Reputation: 367
I am trying to run a function which there is a random number generator within the function. The results at not as what I expected so I have done the following test:
# Case 1
set.seed(100)
A1 = matrix(NA,20,10)
for (i in 1:10) {
A1[,i] = sample(1:100,20)
}
# Case 2
set.seed(100)
A2 = sapply(seq_len(10),function(x) sample(1:100,20))
# Case 3
require(parallel)
set.seed(100)
cl <- makeCluster(detectCores() - 1)
A3 = parSapply(cl,seq_len(10), function(x) sample(1:100,20))
stopCluster(cl)
# Check: Case 1 result equals Case 2 result
identical(A1,A2)
# [1] TRUE
# Check: Case 1 result does NOT equal to Case 3 result
identical(A1,A3)
# [1] FALSE
# Check2: Would like to check if it's a matter of ordering
range(rowSums(A1))
# [1] 319 704
range(rowSums(A3))
# [1] 288 612
In the above code, the parSapply generates a different set of random numbers than A1 and A2. My purpose of having Check2 is that, I was suspecting that parSapply might alter the order however it doesn't seem to be case as the max and min sums of these random numbers are different.
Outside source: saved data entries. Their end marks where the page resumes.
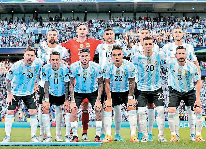 las Co pas del Mundo SU RETO EN QATAR GRUP O C SU ONCE TIPO ‘LA ALbICeLeste’ EN REdES @afaseleccion AFA - Selección Argentina @Argentina MUNdIAlES gANAdOS 2 (1978, 1986) SU UNIFORME MArcA: ADIDAS mUNDiALEs jUgADOs: 17 1930 SC 1934 OF 1938 1950 1954 1958 PF 1962 PF 1966 CF 1970 1974 SG 1978 C 1982 SG 1986 C 1990 SC 1994 OF 1998 CF 2002 PF 2006 CF 2010 CF 2014 SC 2018 OF 81 Partidos ha disputado en Mundiales 43 Victorias tiene en Mundiales, por 15 empates y 23 derrotas 137 Goles ha anotado en Mundiales por 93 recibidos 3 Es su posición en el Ranking FIFA SU CAlENdARIO ArAbIA SAuDItA 22/11, 04:00 h MéxIco 26/11, 13:00 h PolonIA 30/11, 13:00 h CLAVE: PF.- Primera Fase, SG.Segunda Fase, OF.- Octavos de Final, CF.- Cuartos de Final, SF.Semifinales, 3L.- Tercer Lugar, SC.- Subcampeón, C.- Campeón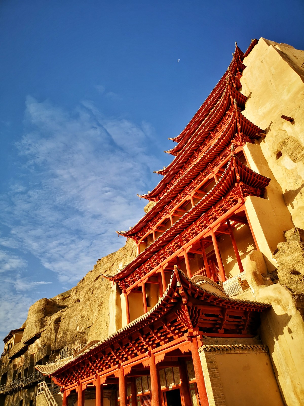 莫高窟位于甘肅敦煌,處河西走廊的西部盡頭,它的開鑿從十六國時期至元代,前后延續約1000年,現有洞窟735個,保存壁畫4.5萬多平方米,彩塑2400余尊,唐宋木構窟檐5座,是一處由建筑、繪畫、雕塑組成的博大精深的綜合藝術殿堂,是世界上現存規模最宏大、保存最完好的佛教藝術遺址。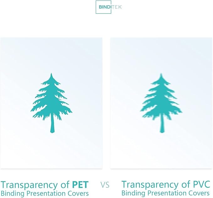 - 4.5 Mil Polycover: Each binding presentation cover is made from 4.5 mil (120 mic) Polyethylene Terephthalate (PET) material — non-toxic, tasteless, and safe.
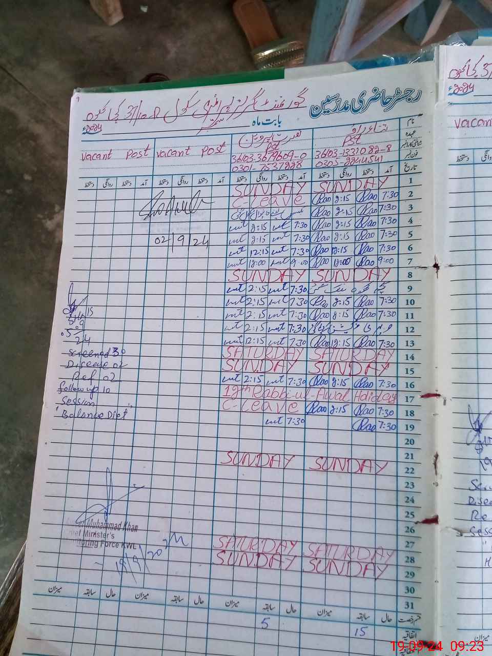 | Name: Sa**** Ra**** Designation: (School Headmaster's/Headmistress's) PST Phone/Cell Number: 03**** |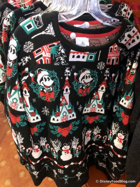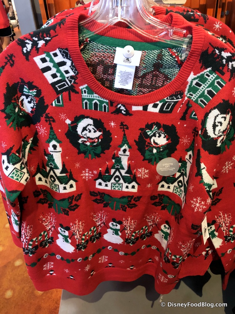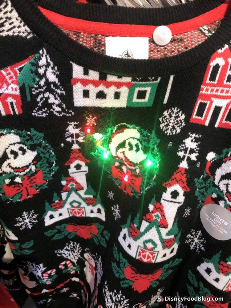 We also spotted this super-cute Ugly Mickey Sweater for $64.99. It’s covered in a repeating pattern of Mickeys, castles, snowmen, candy canes, and buildings all gussied up for Christmas! It’s just brimming with festive cheer — and even has a little secret Christmas magic!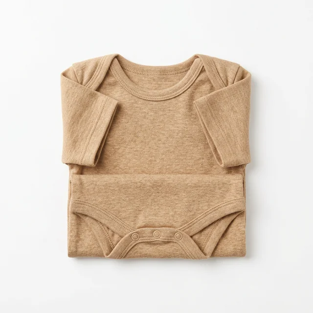 Naturally colored organic cotton baby romper — 100% dye-free and chemical-free. Made from our proprietary colored cotton with natural antibacterial properties (7A-10A grade). Gentle on newborn skin with zero irritation risk. Available in natural brown, green, and white. Fully customizable: fabric weight, size range, packaging, and labeling per your brand requirements.
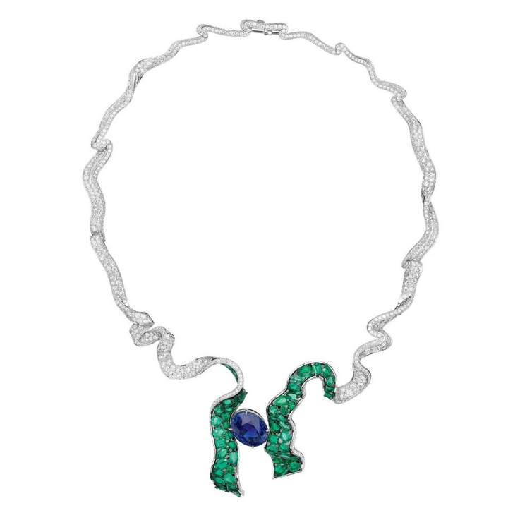 تبدو لمسة الهوت كوتور الفرنسية الخاصة بعلامة ديور Diorواضحة في هذه قلادة Dénoué من الذهب الأبيض والزمرد حيث اختارت شرائط الأقمشة بحركتها الانسيابية لتكون محور التصميم.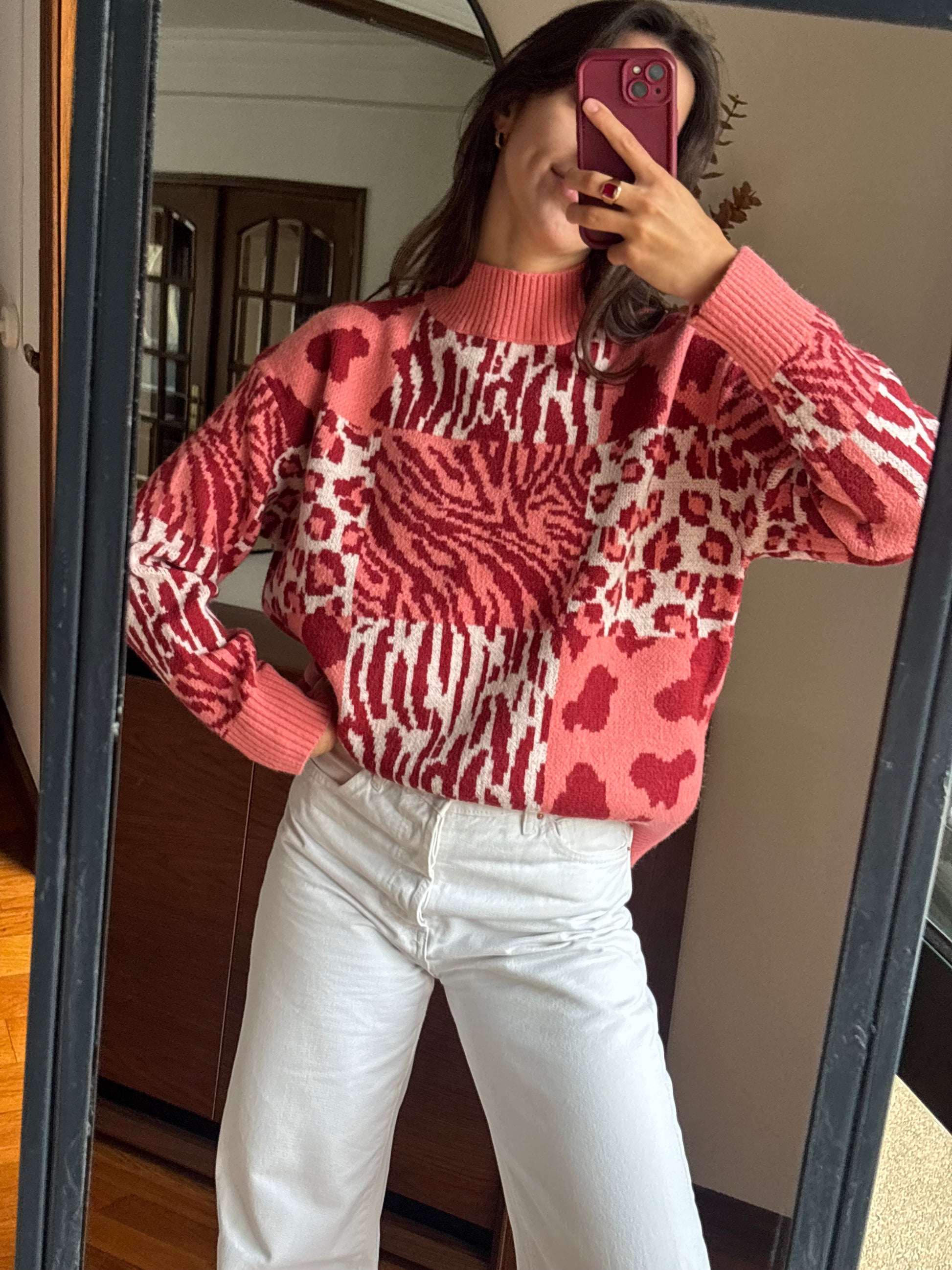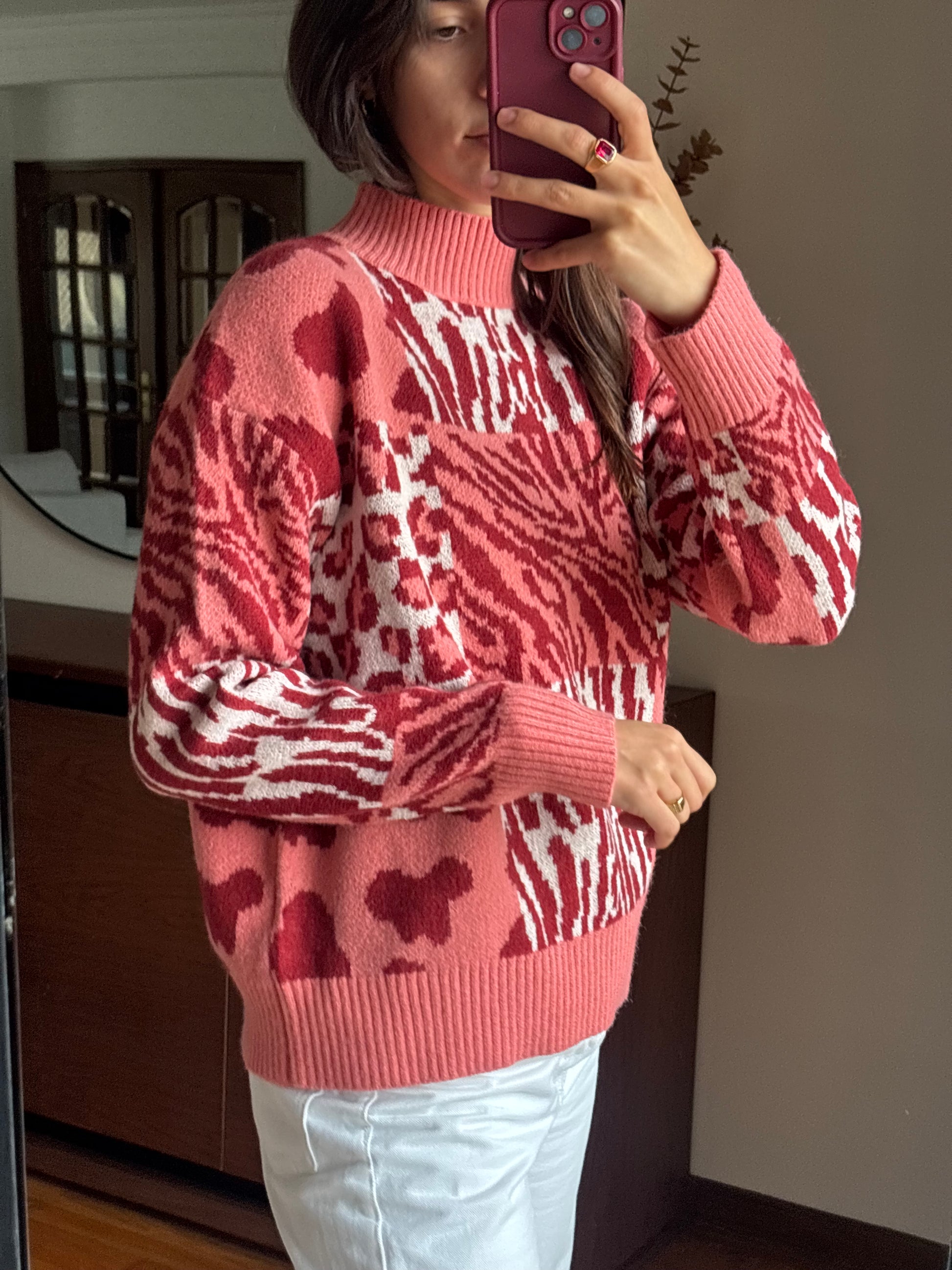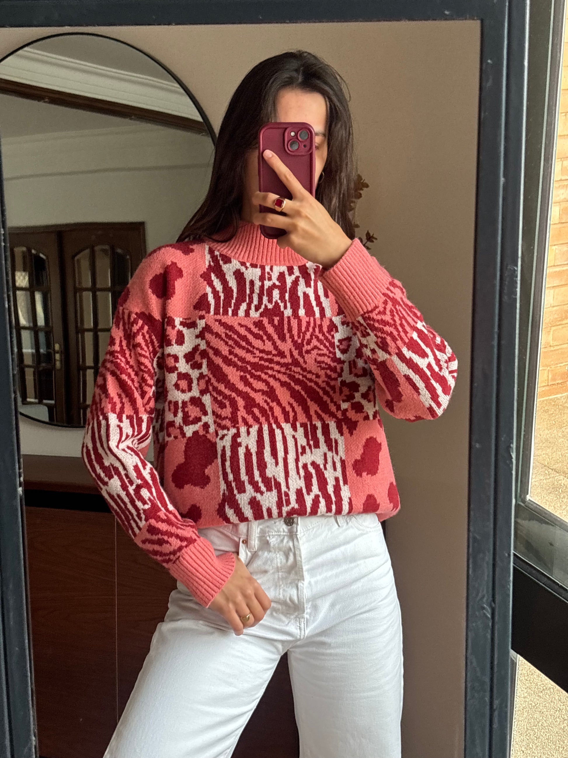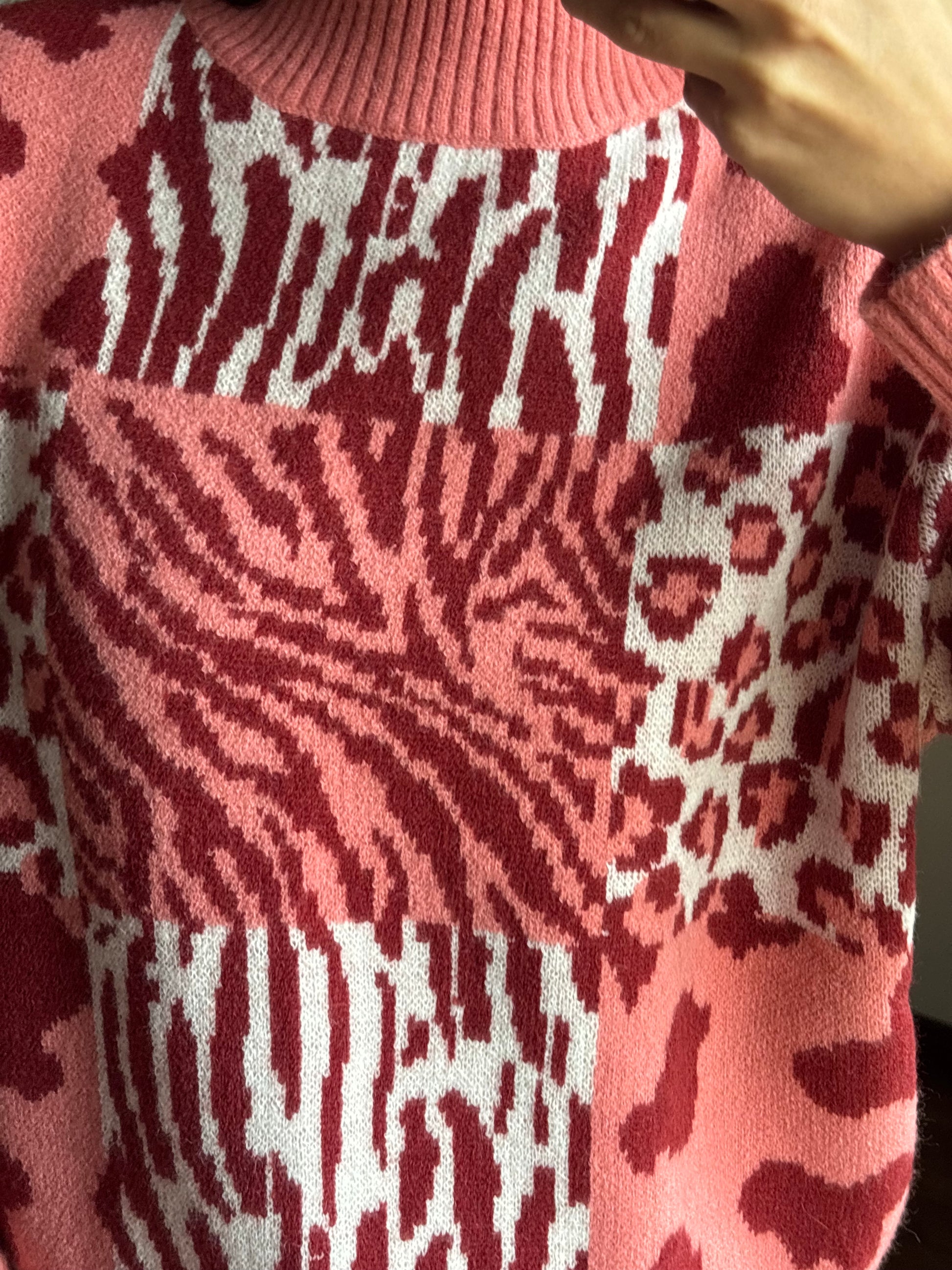 Malha perfeita com um padrão animal print em mistura de tons que lhe dá um ar moderno e cozy. Tem uma malha super macia, com bom toque e estrutura, e um corte ligeiramente oversized que fica lindo. É aquela peça statement que transforma um look básico num look cool sem esforço.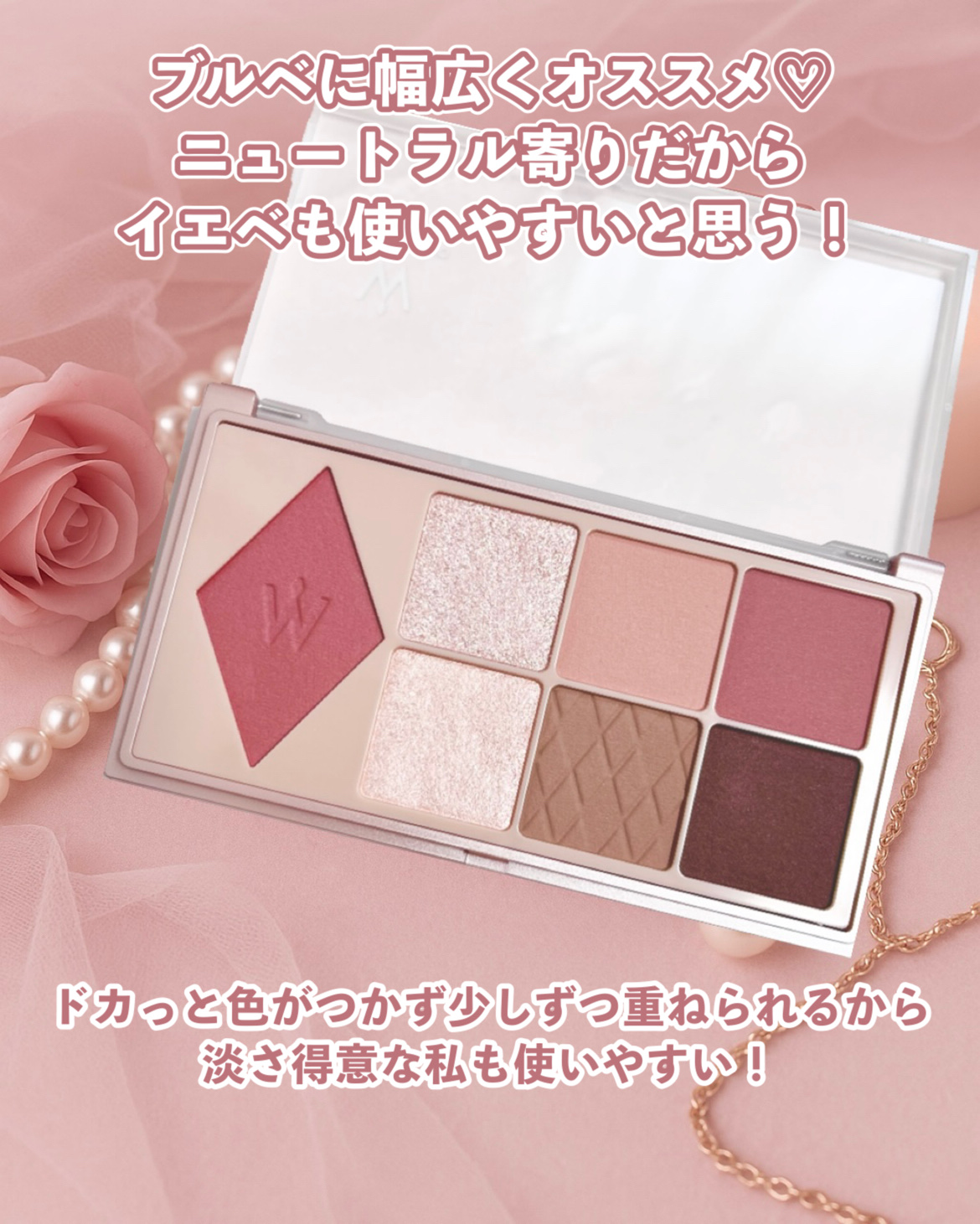 今回のローズミルクティーのコレクションは個人的に好きすぎて全品購入した! シャドウパレットはやや青み寄りのニュートラルカラーで、淡めが得意なブルベ夏、イエベ春さんに推したい!! 幅広いPCの人にハマりそうなカラー!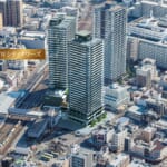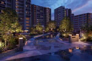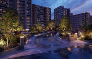 本物件の玄関、顔は北側になります。一般的に板状マンションの北側は廊下がくるのでカッコよくなりづらいですが、本物件は特殊な構造から外廊下と占有部の窓が混じる外観になっており、普通のマンションより凹凸感がありますね。また6棟の建物で階数が統一されておらず、A棟やF棟の高さが低いのでいわゆる「団地感」を感じにくいデザインになっています。ただ個人的には建物のデザインよりも植栽の方に期待してしまいます。福岡の街を歩いてるとき「このマンションの外構カッケー!」と思って建物を見るとだいたいエンクレストの賃貸なんですよね。そんなエンクレストのフラッグシップ分譲の庭がカッコよくないわけがないでしょう!とくに外構のライトアップは実物じゃないとカッコよさが伝わらないので完成が楽しみです。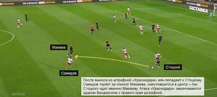 За счет смещений Самедова в центр при позиционной обороне «Спартак» возвращался в несколько матчей по ходу сезона-2017/18, в сборной Станислав Черчесов тоже использовал Александра гораздо ближе к центру, чем левого полузащитника. «Краснодар» –  комбинационная команда, надо играть уже, чтобы не давать им пространства», – рассказал Самедов в перерыве.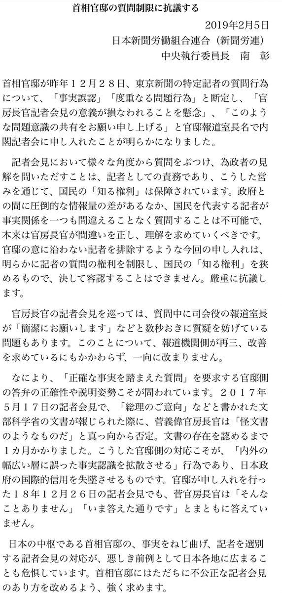 新聞労連の声明全文はこちら。|首相官邸の質問制限に抗議する・shinbunroren.or.jp/seimei/2019020…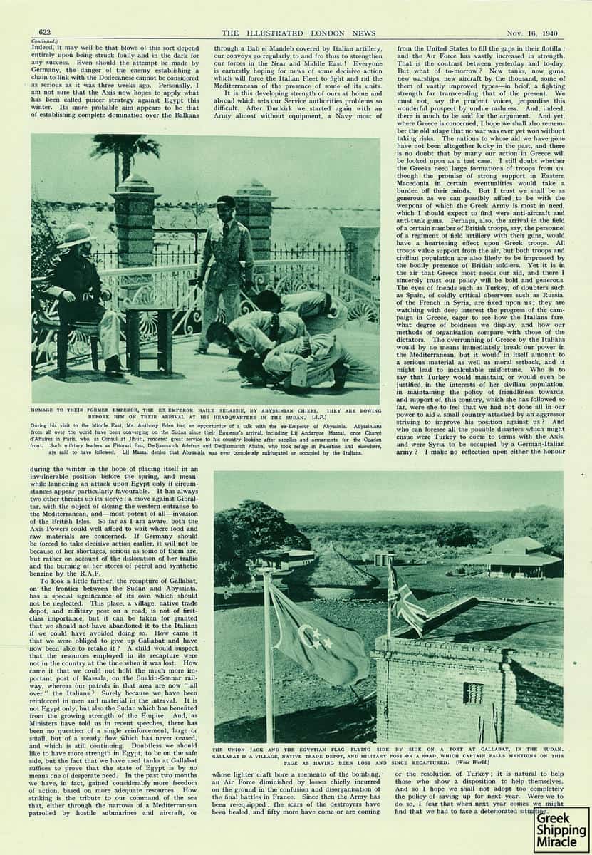 Despite Greece’s neutral stance during the first year of the war, the informal engagement of Greek shipping was evident ever since the declaration of the war in September 1939. This resulted in the loss of about 90 Greek steamers due to acts of war, even before Greece gave its resounding answer to Mussolini’s ultimatum.

Appreciate if someone could shed some colour on why parSapply would give a different result from sapply. What am I missing here?
Thanks in advance!
Upvotes: 1
Views: 854
Reputation: 22333
Have a look at ?vignette(parallel)
and in particular at "Section 6 Random-number generation". Among other things it states the following
Some care is needed with parallel computation using (pseudo-)random numbers: the processes/threads which run separate parts of the computation need to run independent (and preferably reproducible) random-number streams.
When an R process is started up it takes the random-number seed from the object .Random.seed in a saved workspace or constructs one from the clock time and process ID when random-number generation is first used (see the help on RNG). Thus worker processes might get the same seed because a workspace containing .Random.seed was restored or the random number generator has been used before forking: otherwise these get a non-reproducible seed (but with very high probability a different seed for each worker).
You should also have a look at ?clusterSetRNGStream
.
Upvotes: 5